Despite enormous challenges posed by the deadly Black Sigatoka disease a top Food and Agriculture (FAO) official believes it can be controlled if proper mitigation efforts are in place.
“We need an integrated management action plan because Black Sigatoka is a very dangerous disease … it’s a killer but the good news is that it can be managed,” FAO Plant Production and Protection Officer Dr. Vyjayanthi Lopez said.
She was speaking at major consultation on Thursday as Dominica finds new ways in tackling the disease which has began to ravage the banana industry here.
Dr. Lopez called on all countries in the region to join forces to put an end to the threat. “It cannot be business as usual. It is necessary for the island to change how it produces plantains and bananas,” she stressed.
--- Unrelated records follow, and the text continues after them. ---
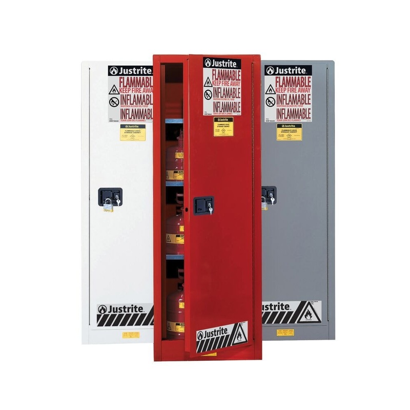 Justrite Slimline Safety Cabinets are FM-approved and carry a ten-year warranty, ensuring peace of mind and reliable performance. By configuring your cabinet, you ensure a safe and compliant storage solution tailored to your unique needs.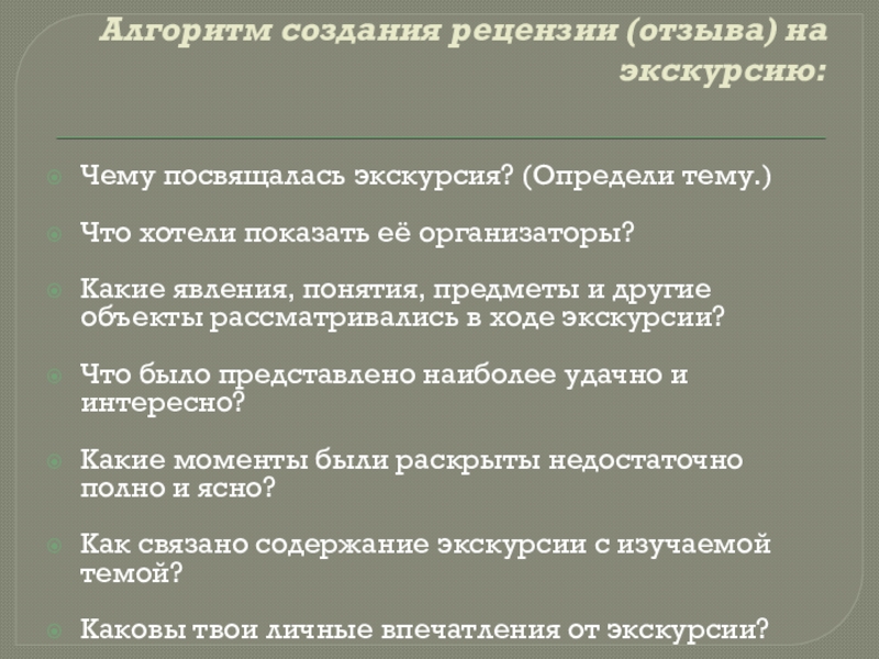 Алгоритм создания рецензии (отзыва) на экскурсию: Чему посвящалась экскурсия? (Определи тему.)Что хотели показать её организаторы?Какие явления, понятия,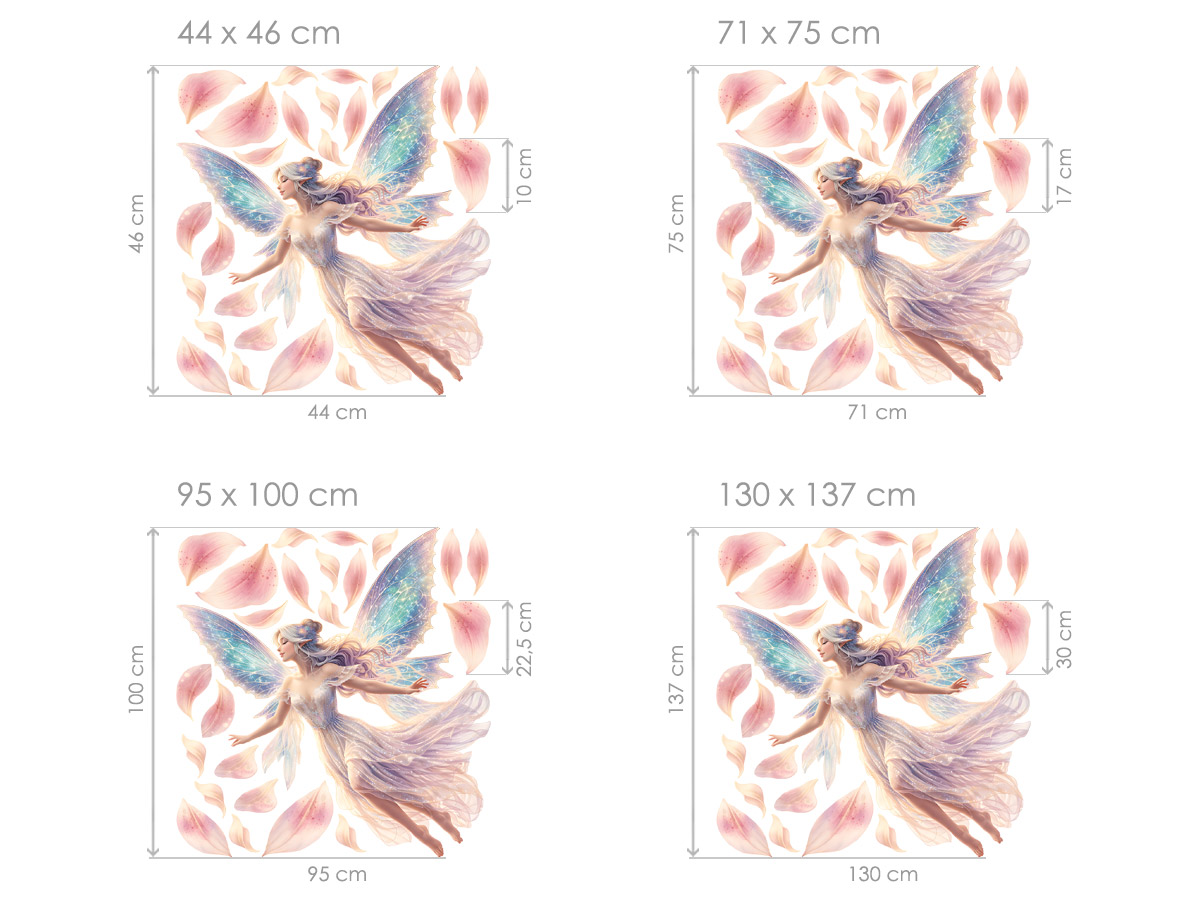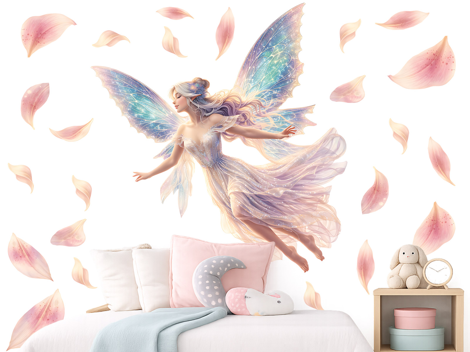 Samolepka na zeď Květinová víla je elegantní a snová dekorace, která promění dětský pokoj v kouzelné místo plné fantazie. Jemná víla s průsvitnými křídly a lehkými šaty působí vzdušně a ladně, jako by se právě vznášela mezi okvětními lístky. Celý motiv je laděný do pastelových odstínů růžové, meruňkové a jemně duhových tónů, které dodávají dekoraci něžný a harmonický vzhled. Poletující květinové lístky vytvářejí pocit pohybu a lehkosti, díky čemuž působí celá kompozice živě a zároveň uklidňujícím dojmem. Jednotlivé prvky lze snadno rozmístit podle vlastního prostoru a vytvořit si tak originální aranžmá – nad postel, kolem postýlky nebo jako dominantní prvek celé stěny. Ideální dekorace pro malé snílky a milovníky víl, kouzel a něžných pohádkových motivů.

The government of Dominica has allocated over $300,000 to combat the dangerous disease and according to Acting Agriculture Minister Ivor Stephenson if Black Sigatoka is not managed properly it could have far-reaching implications on farm and rural income, foreign exchange and domestic food and nutrition security.
He said Dominica has sought the assistance of several organizations to help battle the disease.
Five regional countries, including Dominica, are now affected by the Black Sigatoka Disease. They are presently in the process of putting together individual national plans which is expected to form part of a regional integrated programme to better manage it.
Dominica is expected to participate in a regional consultation in Barbados from September 20-21 where its national plan will be presented and which will eventually form part of a regional integrated program to manage the disease.
The regional program is expected to be implemented by January 2013.
The FAO has already completed an assessment in St Vincent and the Grenadines, Grenada, Guyana and now Dominica.